In April 2012, he was chair of the judges for the OCM Bocas Prize for Caribbean Literature, and served as chief judge for the inaugural Walter Rodney Awards for Creative Writing 2014.

George Lamming died in Bridgetown, Barbados, on 4 June 2022, four days short of what would have been his 95th birthday. His son Gordon had predeceased him in 2021; his daughter Natasha Lamming-Lee survives him, as does his long-time partner Esther Phillips.

==Writing==
Lamming wrote six novels: In the Castle of My Skin (1953), The Emigrants (1954), Of Age and Innocence (1958), Season of Adventure (1960), Water with Berries (1971), and Natives of My Person (1972). His much acclaimed first novel, In the Castle of My Skin, featuring an autobiographical character named G., can be read as both a coming-of-age story as well as the story of the Caribbean. His second novel, The Emigrants, was a sequel to his debut autobiographical work, following the life of the same protagonist as he travels from Barbados to England in search of better prospects and opportunities.

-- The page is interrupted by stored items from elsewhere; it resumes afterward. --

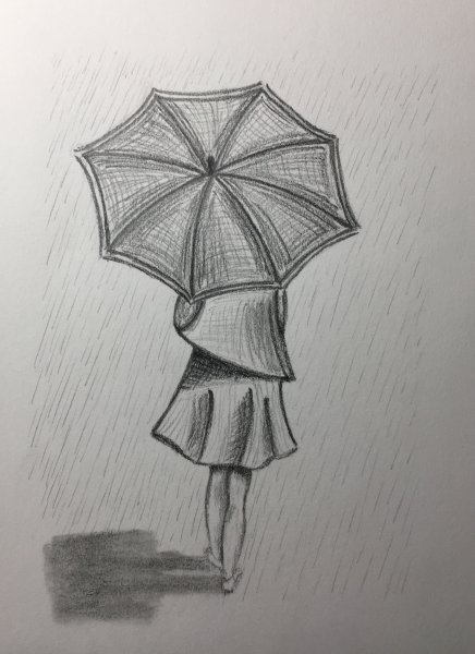 ![Девушка под зонтом рисунок карандашом]()
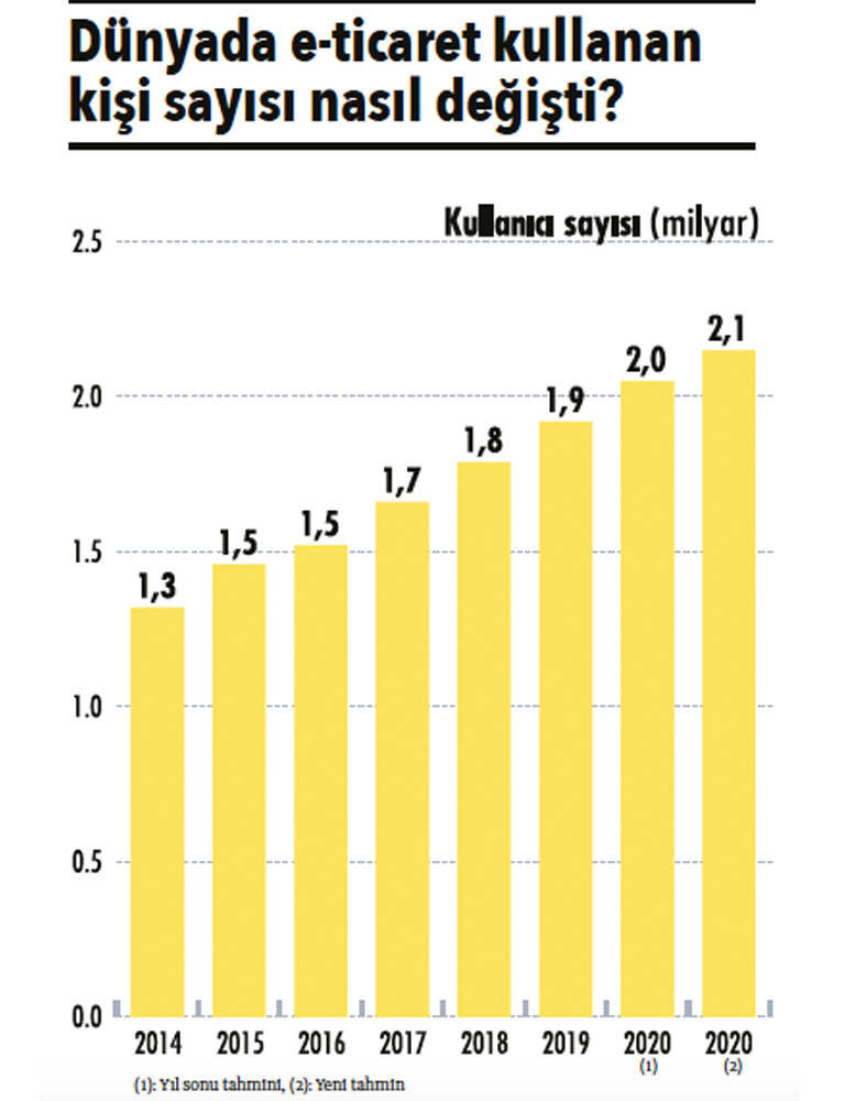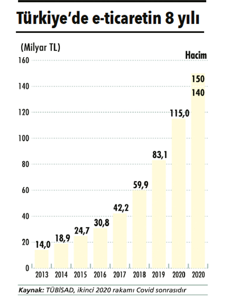 Türkiye Büyük Millet Meclisi’ne verilen bir önergeye, dönemin Gümrük ve Ticaret Bakanlığı tarafından verilen yanıtta, 2005 yılında Türkiye’deki e-ticaret hacmi 1.8 milyar TL olarak açıklanmıştı. Kaynak ise Bankalararası Kart Merkezi idi. Bu rakam, 2019 yılı sonunda 46 kat artarak 83.1 milyar TL’ye ulaştı. Eğer hayatın doğal akışı devam etseydi, yani Covid-19 salgını dünyayı sarmasaydı, 2020 yıl sonu için hedeflenen rakam 115 milyar TL düzeyindeydi.
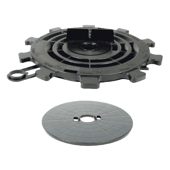 An optional 1/8" thick anti-slip, cushioning, rubber base ring is available for use on membranes, etc. This effectively reduces transmitted noise where decks are mounted on balconies or roof areas, as well as for floors in multi-occupancy buildings.

Of Age and Innocence (1958) and Season of Adventure (1960) take place on the fictional Caribbean island of San Cristobal, and 1972's Water with Berries "describes various flaws in West Indian society through the plot of Shakespeare's The Tempest." Of Lamming's last novel, Jan Carew wrote in The New York Times: Natives of My Person' is undoubtedly George Lamming's finest novel. It succeeds in illuminating new areas of darkness in the colonial past that the colonizer has so far not dealt with, and in this sense it is a profoundly revolutionary and original work."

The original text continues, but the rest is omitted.